An earlier intervention referred to the extent to which the media will hound people. We know that they will. I shall not name certain cases, but we all know cases in which the media, if they had the slightest chance, would require and demand a retrial of those people who have been acquitted. We know also that they would point out that out of a group of people, some were acquitted and some were never charged. The media will say that that creates a problem.

The court would be bound to refuse leave if a fair trial was unlikely, owing particularly to the activities of the media—or for any other reason. Clause 64(2(b) provides:

"for the purposes of that question and otherwise the length of time since the qualifying offence was allegedly committed".

That is crucial. Let us say a person has committed, or is said to have committed, a crime 20 years ago—for instance when he was not a teenager but a youngster. If 20 years later it emerges that he was guilty, it would be wrong that he should be prosecuted again. That is one of the exceptions set out in the clause:

"whether it is likely that the new evidence would have been adduced in the earlier proceedings against the acquitted person but for a failure by an officer or by a prosecutor to act with due diligence or expedition".

That describes cases in which it is said that the police, having investigated a case without due diligence or a sense of urgency, want a second go. They could not do that—unless the Court of Appeal takes leave of its senses, which is not an eventuality that I can personally admit—because the clause stipulates that leave could not be given in those circumstances.
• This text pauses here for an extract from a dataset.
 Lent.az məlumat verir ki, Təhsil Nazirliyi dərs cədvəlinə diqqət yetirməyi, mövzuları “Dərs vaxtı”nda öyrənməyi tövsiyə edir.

A further exception is to be found in subsection (2)(d) of the clause; namely,

"whether, since those proceedings or, if later, since the commencement of this Part, any officer or prosecutor has failed to act with due diligence or expedition"— in other words, having found compelling DNA evidence, they cannot just sit on it and wait until it is convenient to them to apply for a further prosecution.

I would hope and expect that if the amendment does not succeed—I am sure that it will—the number of retrospective cases in which this will be brought forward will be extremely few. If I were in the position of the noble and learned Lord the Attorney-General I would start by thinking of the cases which exist but which one could probably count on the fingers of one hand, of someone who, having committed a serious offence, then proceeds to proclaim the fact that he has. That seems to me to be an affront to the whole system of justice. Certainly, there should be the possibility of recharging him.
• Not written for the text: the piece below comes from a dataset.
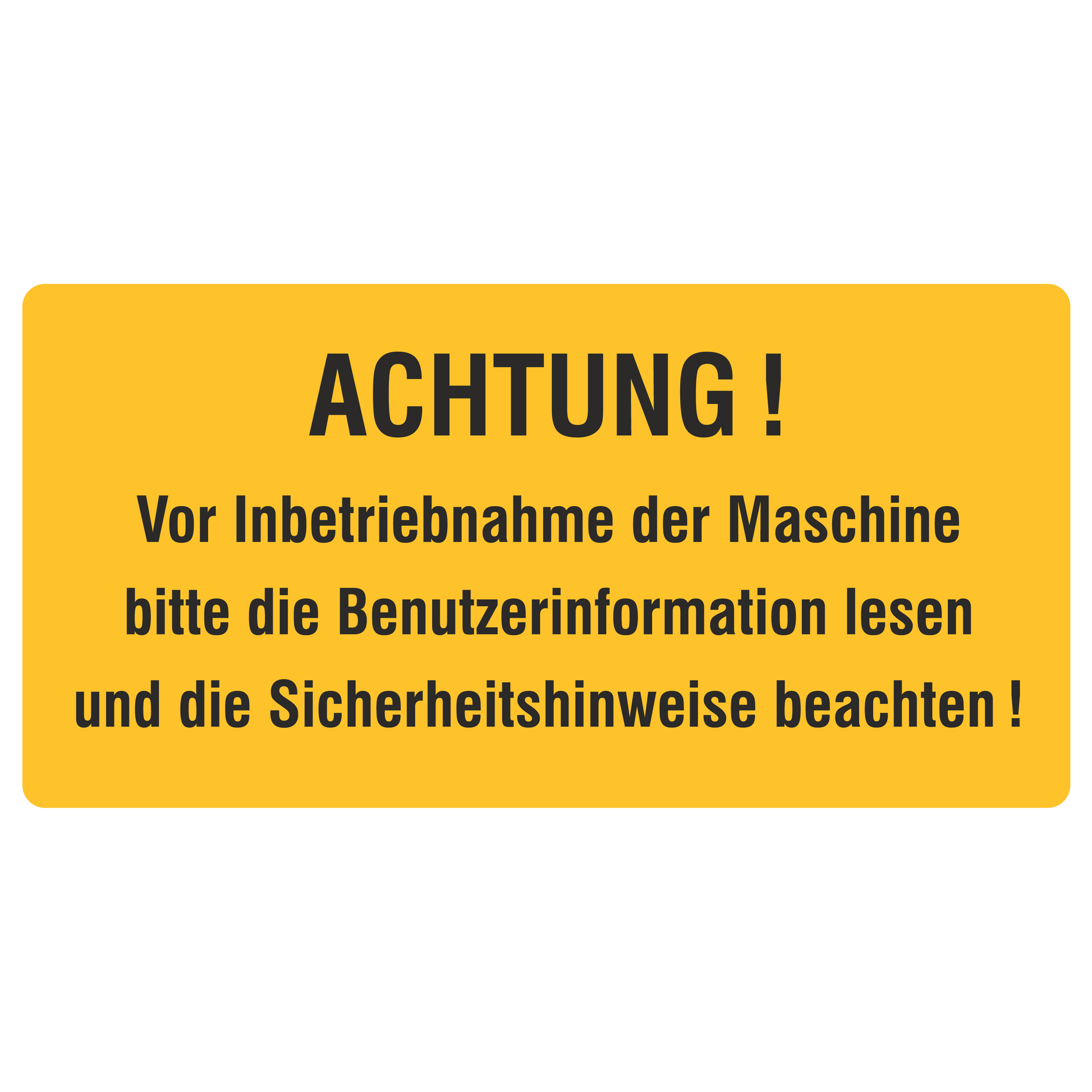 Betriebskennzeichnung / Achtung Vor Inbetriebnahme der Maschine bitte die Benutzerinformationen lesen und die Sicherheitshinweise beachten!

As regards retrospectivity, I would then move on, but with very slow steps, to the DNA cases. The DNA cases pose a difficult problem. Unlike most other later discovered evidence, the DNA cases can be conclusive or virtually conclusive. Certainly I would want to look at that, but with care. Beyond that I do not think I can go and I do not believe that the noble and learned Lord the Attorney-General would go any further, although he obviously cannot be expected to give an undertaking to that effect. If he did, I do not think that the Court of Appeal would let him get very far. For those reasons, I have real doubts about the validity of the amendment, despite its provenance.